Extract the lines beginning at the one that holds "Türk 5.7x8.1 ft" and ending at the final line of the material below, keeping them exact and leaving out all pictures.

Dataset records:
==*==

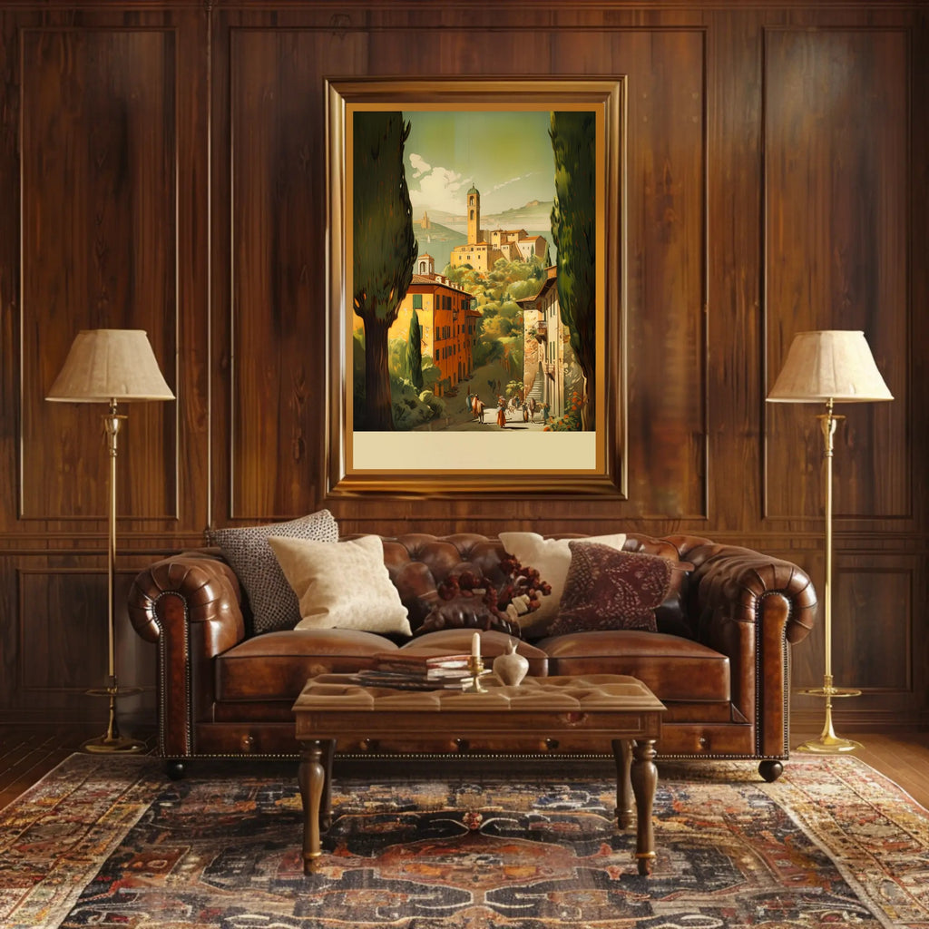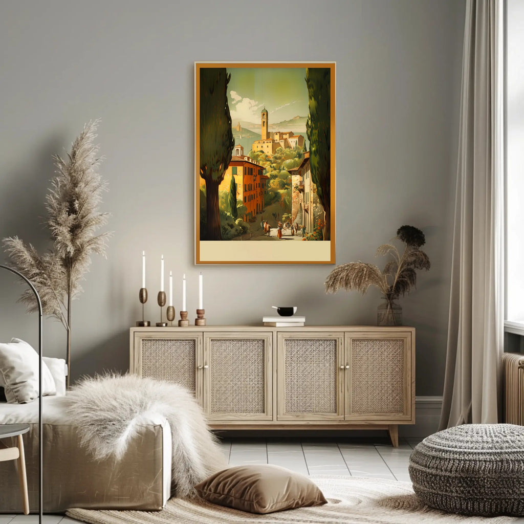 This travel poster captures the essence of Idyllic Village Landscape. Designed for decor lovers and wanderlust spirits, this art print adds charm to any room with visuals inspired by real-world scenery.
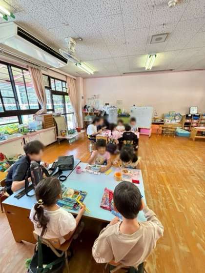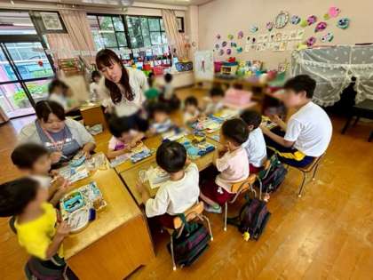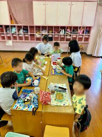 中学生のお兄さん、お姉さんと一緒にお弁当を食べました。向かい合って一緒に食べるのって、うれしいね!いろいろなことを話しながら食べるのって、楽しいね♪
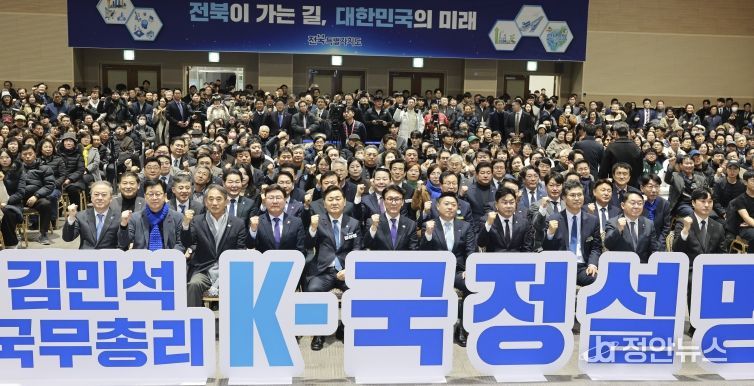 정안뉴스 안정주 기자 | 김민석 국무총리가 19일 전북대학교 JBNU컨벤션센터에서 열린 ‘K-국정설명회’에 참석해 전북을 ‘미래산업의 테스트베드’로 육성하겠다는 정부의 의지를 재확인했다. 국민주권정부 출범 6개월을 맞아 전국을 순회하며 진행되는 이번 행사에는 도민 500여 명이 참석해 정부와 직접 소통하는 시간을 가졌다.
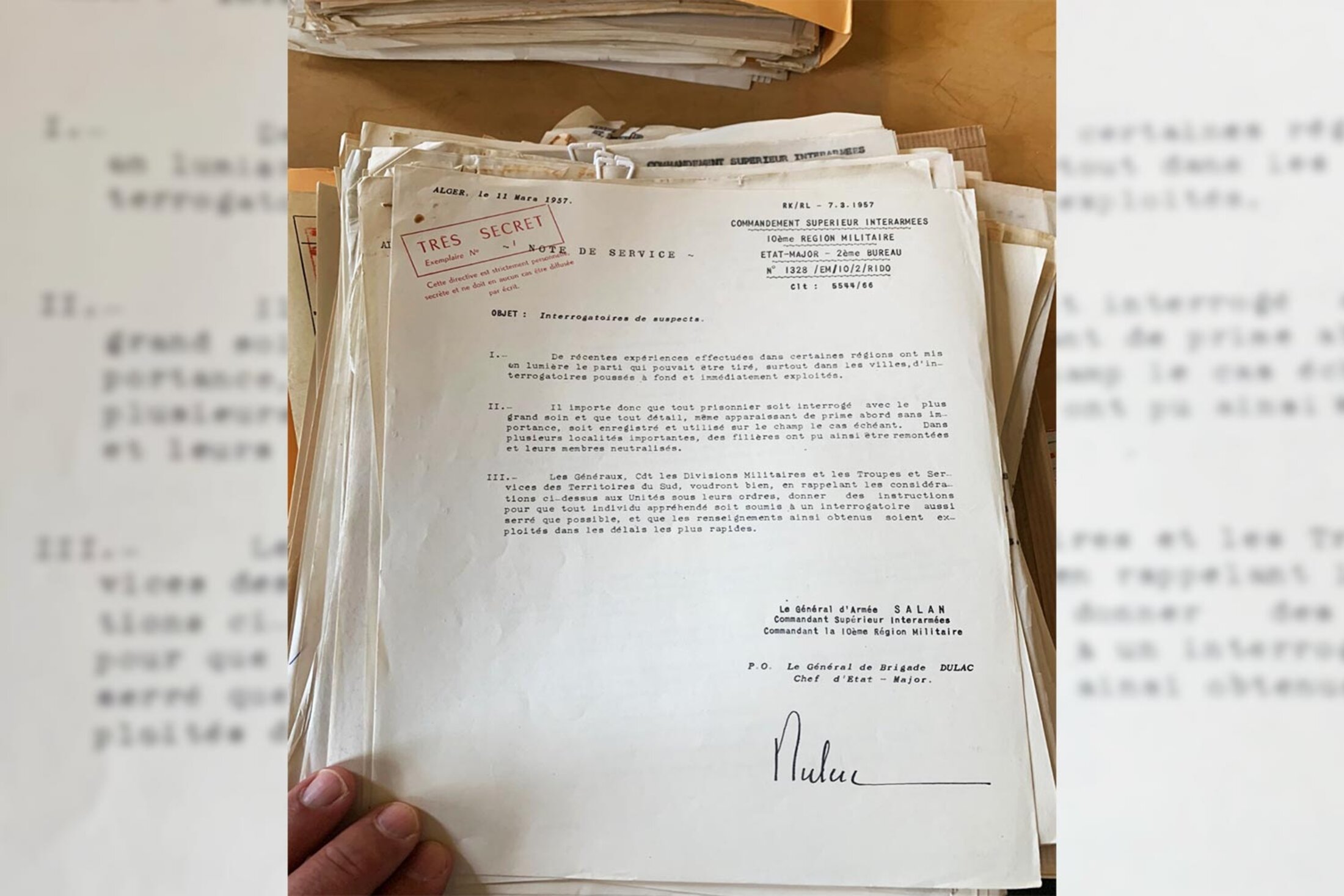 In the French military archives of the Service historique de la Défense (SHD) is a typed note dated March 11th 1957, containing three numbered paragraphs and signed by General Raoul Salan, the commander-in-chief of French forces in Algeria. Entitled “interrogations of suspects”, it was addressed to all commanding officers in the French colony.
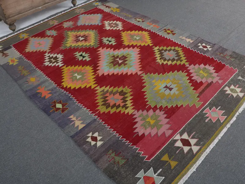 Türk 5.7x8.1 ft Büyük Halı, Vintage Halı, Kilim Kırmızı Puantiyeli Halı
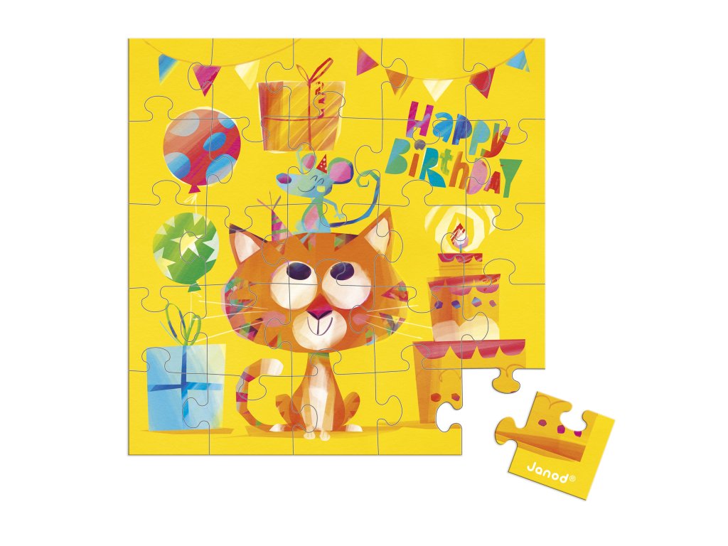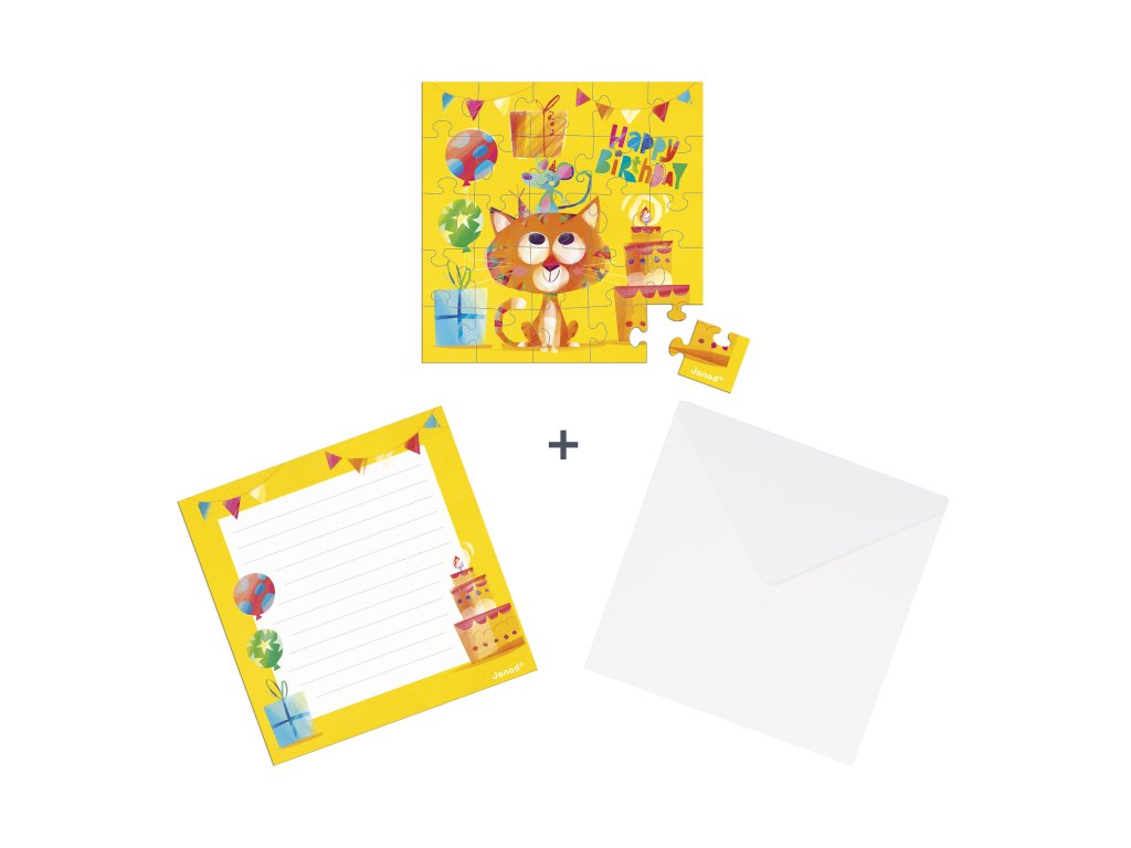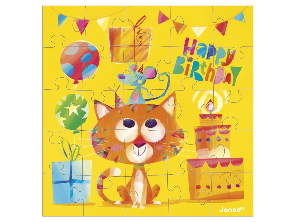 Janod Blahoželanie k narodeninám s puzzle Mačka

==*==

Task solution:
 Türk 5.7x8.1 ft Büyük Halı, Vintage Halı, Kilim Kırmızı Puantiyeli Halı
 Janod Blahoželanie k narodeninám s puzzle Mačka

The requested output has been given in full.